Si soy invitado a casa de unos amigos, me las arreglo para
no llegar después del aperitivo.
Si asisto al teatro, me gusta estar instalados antes de
que suba el telón, ambientarme en mi butaca, en la sala, con mis vecinos.
Si voy a un concierto, me gusta oír cómo el primer violín
da el la, cómo todo se organiza y cómo se pasa de la cacofonía al silencio y
del silencio a la música.
Si voy al cine,
echo peste contra los que pasan por delante de la pantalla y me impiden ver las
primeras imágenes (¡son tan importantes!).

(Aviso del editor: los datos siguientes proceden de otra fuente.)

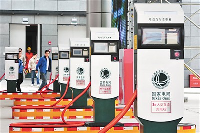 据《日本经济新闻》报道,中国正在推动纯电动汽车的普及,销量实际上在世界范围位列第一。图为电动汽车充电桩。(资料图片)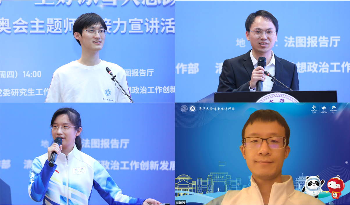北京冬奥校内保障志愿者、马克思主义学院2021级硕士生陈炳旭以“同筑冰雪梦,一起向未来”为题,解读了习近平总书记关于北京冬奥的重要论述。北京冬奥火炬台设计团队成员、机械系2017级博士生李新新讲述了参与马赛教授、田煜教授、石永久教授团队设计冬奥火炬台的故事。北京冬奥OFA志愿者、环境学院2020级博士生刘迪波分享了参与外宾接待、搭建中外沟通的桥梁的亲身经历。北京冬奥标兵志愿者、精仪系2018级本科生李金峰分享了参与开闭幕式演出、展示中国青年风采的经历。

Si conecto la televisión para escuchar el telediario me
fastidia perderme el anuncio inicial de las noticias más importantes del día. O
que, mientras la intento escuchar, otros hablen y me impidan enterarme.
En todas partes,
siempre, cuando hay diversas personas que se reúnen para formar asamblea y para
llevar a cabo algo que aprecian, es muy importante el primer momento, los
primeros cinco minutos.
¿Y en nuestras iglesias? En nuestras iglesias suele
ocurrir todo lo contrario. La gente llega tarde, se empieza sin silencio, como
si no importara lo que se hace y se dice.
Pero conozco una iglesia en la que todos los bancos están
ocupados casi un cuarto de hora antes del inicio de la misa: las
personas se saludan, los niños corren un poco por todas partes, el
sacerdote se mueve a lo largo de la
nave, se encienden los cirios, se colocan las flores, la música de
interiorización suena de fondo, se comprueban los micros, se distribuyen las
hojas de cantos, los lectores repasan las lecturas, el pueblo se dispone a
cantar las respuestas.
Por nada del mundo me perdería la asistencia a este tiempo
antes del comienzo.
¡Bienaventurada esta iglesia! ¡Bienaventurados vosotros si
pertenecéis a una comunidad que valore los primeros cinco minutos!